→ What is needed
Everything in the records except the pictures should come back exactly as written.

→ Data excerpts

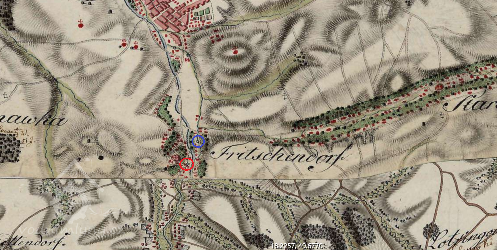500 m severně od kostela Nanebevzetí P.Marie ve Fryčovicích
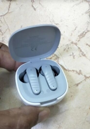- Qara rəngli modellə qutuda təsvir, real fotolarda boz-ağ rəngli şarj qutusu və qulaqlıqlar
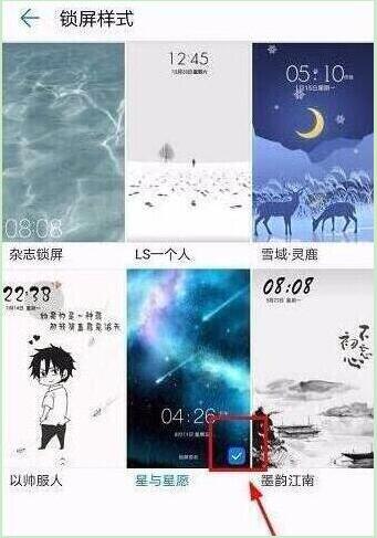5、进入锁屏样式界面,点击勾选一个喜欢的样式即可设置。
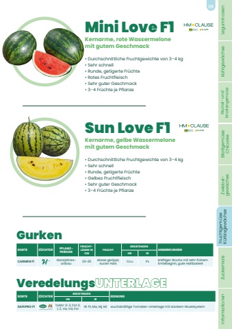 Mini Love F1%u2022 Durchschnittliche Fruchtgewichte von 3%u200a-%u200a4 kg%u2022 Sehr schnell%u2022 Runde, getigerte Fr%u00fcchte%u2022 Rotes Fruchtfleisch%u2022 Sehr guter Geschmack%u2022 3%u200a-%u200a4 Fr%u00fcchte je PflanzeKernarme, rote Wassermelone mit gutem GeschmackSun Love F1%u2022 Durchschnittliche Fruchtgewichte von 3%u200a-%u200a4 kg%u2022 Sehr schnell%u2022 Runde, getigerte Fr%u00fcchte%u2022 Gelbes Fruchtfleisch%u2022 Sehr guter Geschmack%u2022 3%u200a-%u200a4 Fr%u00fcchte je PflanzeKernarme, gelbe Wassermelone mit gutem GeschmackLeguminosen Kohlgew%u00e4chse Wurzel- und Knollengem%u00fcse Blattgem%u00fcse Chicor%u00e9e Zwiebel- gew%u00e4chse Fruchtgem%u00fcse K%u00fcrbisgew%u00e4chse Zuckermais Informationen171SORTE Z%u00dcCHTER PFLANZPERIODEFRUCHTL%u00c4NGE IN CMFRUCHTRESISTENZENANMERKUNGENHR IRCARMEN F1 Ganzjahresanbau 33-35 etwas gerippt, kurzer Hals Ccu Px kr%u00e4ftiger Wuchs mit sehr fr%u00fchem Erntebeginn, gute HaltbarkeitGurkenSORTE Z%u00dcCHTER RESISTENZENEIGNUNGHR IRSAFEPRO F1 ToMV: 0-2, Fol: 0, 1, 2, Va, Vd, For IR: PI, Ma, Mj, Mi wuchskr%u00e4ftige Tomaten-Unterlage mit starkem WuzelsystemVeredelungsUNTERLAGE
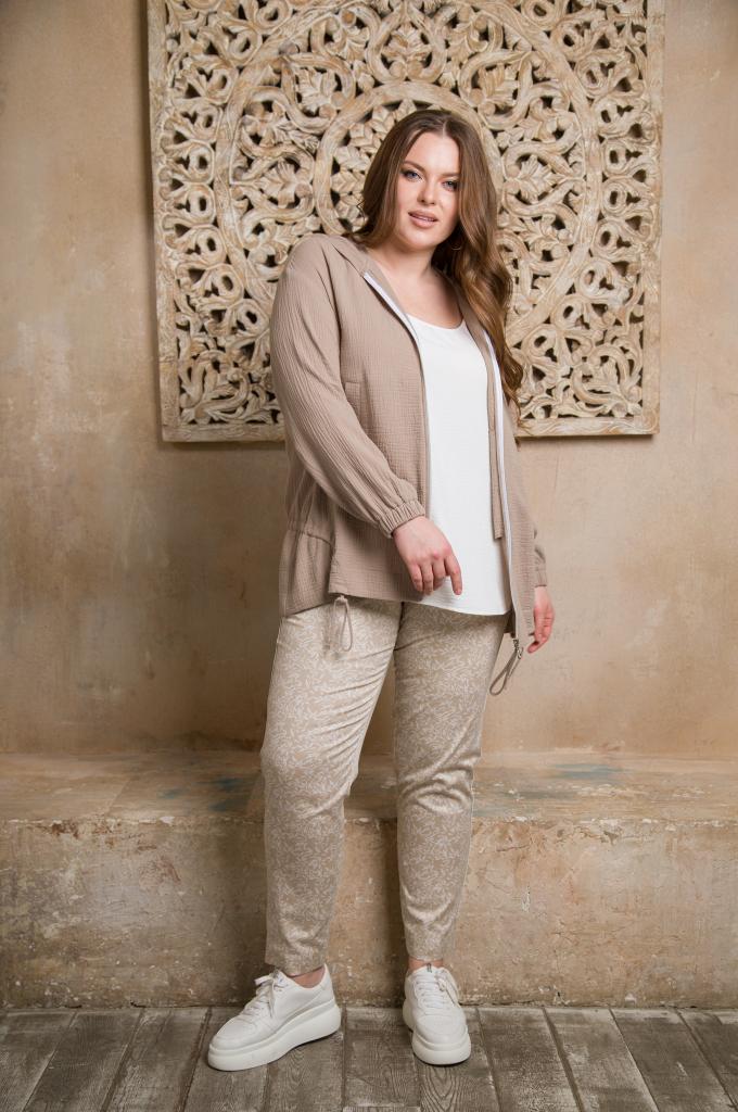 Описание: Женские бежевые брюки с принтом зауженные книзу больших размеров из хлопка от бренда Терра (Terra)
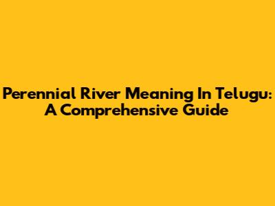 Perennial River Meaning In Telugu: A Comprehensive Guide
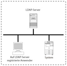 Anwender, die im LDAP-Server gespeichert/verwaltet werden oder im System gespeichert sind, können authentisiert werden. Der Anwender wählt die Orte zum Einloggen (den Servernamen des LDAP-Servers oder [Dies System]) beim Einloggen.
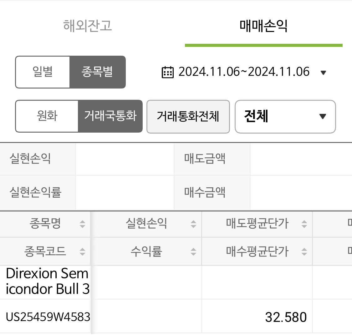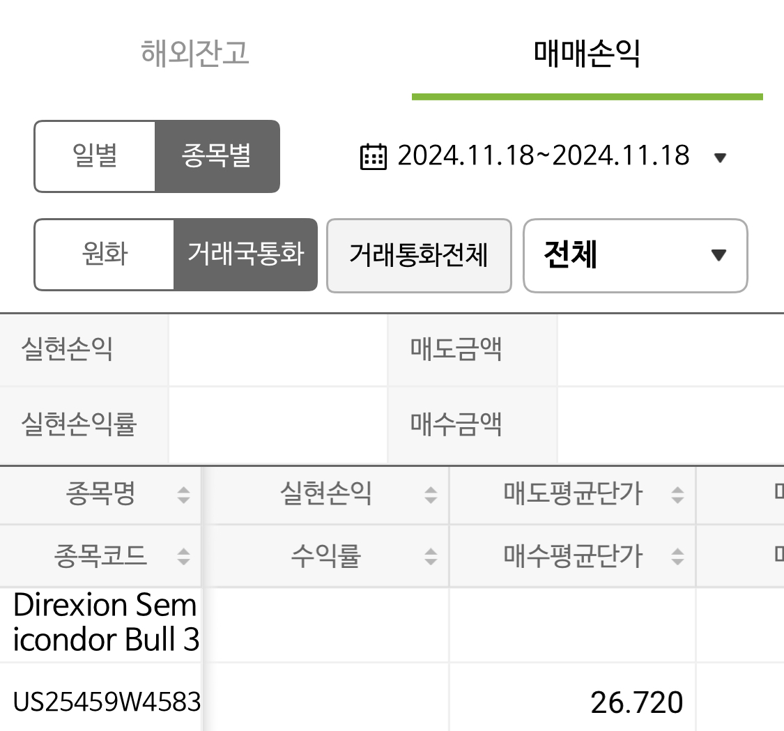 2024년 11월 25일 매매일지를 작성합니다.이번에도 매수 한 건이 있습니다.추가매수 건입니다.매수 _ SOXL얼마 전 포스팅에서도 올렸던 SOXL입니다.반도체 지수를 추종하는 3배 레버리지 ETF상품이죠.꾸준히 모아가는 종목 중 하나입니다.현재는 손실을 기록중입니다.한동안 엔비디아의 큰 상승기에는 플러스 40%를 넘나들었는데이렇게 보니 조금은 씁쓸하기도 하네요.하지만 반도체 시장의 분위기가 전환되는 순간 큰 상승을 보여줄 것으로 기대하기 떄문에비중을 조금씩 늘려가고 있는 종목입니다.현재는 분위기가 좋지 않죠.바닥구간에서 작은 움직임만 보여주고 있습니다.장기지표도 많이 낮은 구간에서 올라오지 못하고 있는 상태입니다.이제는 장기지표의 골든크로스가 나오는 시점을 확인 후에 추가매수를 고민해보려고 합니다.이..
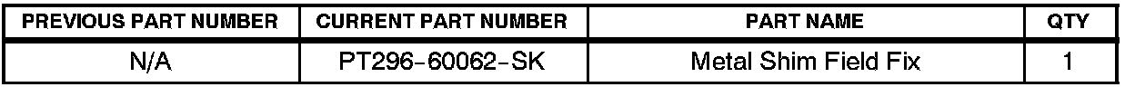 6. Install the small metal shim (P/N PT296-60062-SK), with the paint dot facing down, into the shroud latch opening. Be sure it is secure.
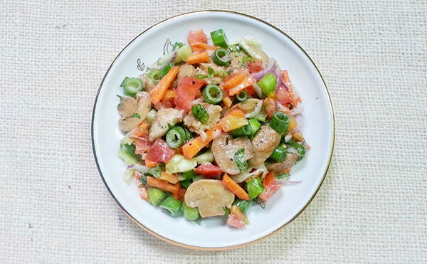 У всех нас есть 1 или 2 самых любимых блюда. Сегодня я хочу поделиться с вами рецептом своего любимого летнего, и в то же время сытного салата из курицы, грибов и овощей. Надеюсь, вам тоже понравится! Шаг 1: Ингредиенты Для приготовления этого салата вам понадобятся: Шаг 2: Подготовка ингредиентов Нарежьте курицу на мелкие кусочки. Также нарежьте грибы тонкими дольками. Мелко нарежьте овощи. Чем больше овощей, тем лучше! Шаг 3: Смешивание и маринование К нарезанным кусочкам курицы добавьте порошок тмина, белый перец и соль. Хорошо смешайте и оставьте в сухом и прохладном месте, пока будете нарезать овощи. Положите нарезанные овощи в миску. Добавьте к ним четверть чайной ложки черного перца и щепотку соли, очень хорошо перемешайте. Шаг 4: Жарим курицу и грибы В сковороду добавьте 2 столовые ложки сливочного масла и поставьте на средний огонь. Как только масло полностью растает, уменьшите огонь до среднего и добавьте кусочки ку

→ Expected output
500 m severně od kostela Nanebevzetí P.Marie ve Fryčovicích
- Qara rəngli modellə qutuda təsvir, real fotolarda boz-ağ rəngli şarj qutusu və qulaqlıqlar
5、进入锁屏样式界面,点击勾选一个喜欢的样式即可设置。
 Mini Love F1%u2022 Durchschnittliche Fruchtgewichte von 3%u200a-%u200a4 kg%u2022 Sehr schnell%u2022 Runde, getigerte Fr%u00fcchte%u2022 Rotes Fruchtfleisch%u2022 Sehr guter Geschmack%u2022 3%u200a-%u200a4 Fr%u00fcchte je PflanzeKernarme, rote Wassermelone mit gutem GeschmackSun Love F1%u2022 Durchschnittliche Fruchtgewichte von 3%u200a-%u200a4 kg%u2022 Sehr schnell%u2022 Runde, getigerte Fr%u00fcchte%u2022 Gelbes Fruchtfleisch%u2022 Sehr guter Geschmack%u2022 3%u200a-%u200a4 Fr%u00fcchte je PflanzeKernarme, gelbe Wassermelone mit gutem GeschmackLeguminosen Kohlgew%u00e4chse Wurzel- und Knollengem%u00fcse Blattgem%u00fcse Chicor%u00e9e Zwiebel- gew%u00e4chse Fruchtgem%u00fcse K%u00fcrbisgew%u00e4chse Zuckermais Informationen171SORTE Z%u00dcCHTER PFLANZPERIODEFRUCHTL%u00c4NGE IN CMFRUCHTRESISTENZENANMERKUNGENHR IRCARMEN F1 Ganzjahresanbau 33-35 etwas gerippt, kurzer Hals Ccu Px kr%u00e4ftiger Wuchs mit sehr fr%u00fchem Erntebeginn, gute HaltbarkeitGurkenSORTE Z%u00dcCHTER RESISTENZENEIGNUNGHR IRSAFEPRO F1 ToMV: 0-2, Fol: 0, 1, 2, Va, Vd, For IR: PI, Ma, Mj, Mi wuchskr%u00e4ftige Tomaten-Unterlage mit starkem WuzelsystemVeredelungsUNTERLAGE
 Описание: Женские бежевые брюки с принтом зауженные книзу больших размеров из хлопка от бренда Терра (Terra)
 Perennial River Meaning In Telugu: A Comprehensive Guide
 Anwender, die im LDAP-Server gespeichert/verwaltet werden oder im System gespeichert sind, können authentisiert werden. Der Anwender wählt die Orte zum Einloggen (den Servernamen des LDAP-Servers oder [Dies System]) beim Einloggen.
 2024년 11월 25일 매매일지를 작성합니다.이번에도 매수 한 건이 있습니다.추가매수 건입니다.매수 _ SOXL얼마 전 포스팅에서도 올렸던 SOXL입니다.반도체 지수를 추종하는 3배 레버리지 ETF상품이죠.꾸준히 모아가는 종목 중 하나입니다.현재는 손실을 기록중입니다.한동안 엔비디아의 큰 상승기에는 플러스 40%를 넘나들었는데이렇게 보니 조금은 씁쓸하기도 하네요.하지만 반도체 시장의 분위기가 전환되는 순간 큰 상승을 보여줄 것으로 기대하기 떄문에비중을 조금씩 늘려가고 있는 종목입니다.현재는 분위기가 좋지 않죠.바닥구간에서 작은 움직임만 보여주고 있습니다.장기지표도 많이 낮은 구간에서 올라오지 못하고 있는 상태입니다.이제는 장기지표의 골든크로스가 나오는 시점을 확인 후에 추가매수를 고민해보려고 합니다.이..
 6. Install the small metal shim (P/N PT296-60062-SK), with the paint dot facing down, into the shroud latch opening. Be sure it is secure.
 У всех нас есть 1 или 2 самых любимых блюда. Сегодня я хочу поделиться с вами рецептом своего любимого летнего, и в то же время сытного салата из курицы, грибов и овощей. Надеюсь, вам тоже понравится! Шаг 1: Ингредиенты Для приготовления этого салата вам понадобятся: Шаг 2: Подготовка ингредиентов Нарежьте курицу на мелкие кусочки. Также нарежьте грибы тонкими дольками. Мелко нарежьте овощи. Чем больше овощей, тем лучше! Шаг 3: Смешивание и маринование К нарезанным кусочкам курицы добавьте порошок тмина, белый перец и соль. Хорошо смешайте и оставьте в сухом и прохладном месте, пока будете нарезать овощи. Положите нарезанные овощи в миску. Добавьте к ним четверть чайной ложки черного перца и щепотку соли, очень хорошо перемешайте. Шаг 4: Жарим курицу и грибы В сковороду добавьте 2 столовые ложки сливочного масла и поставьте на средний огонь. Как только масло полностью растает, уменьшите огонь до среднего и добавьте кусочки ку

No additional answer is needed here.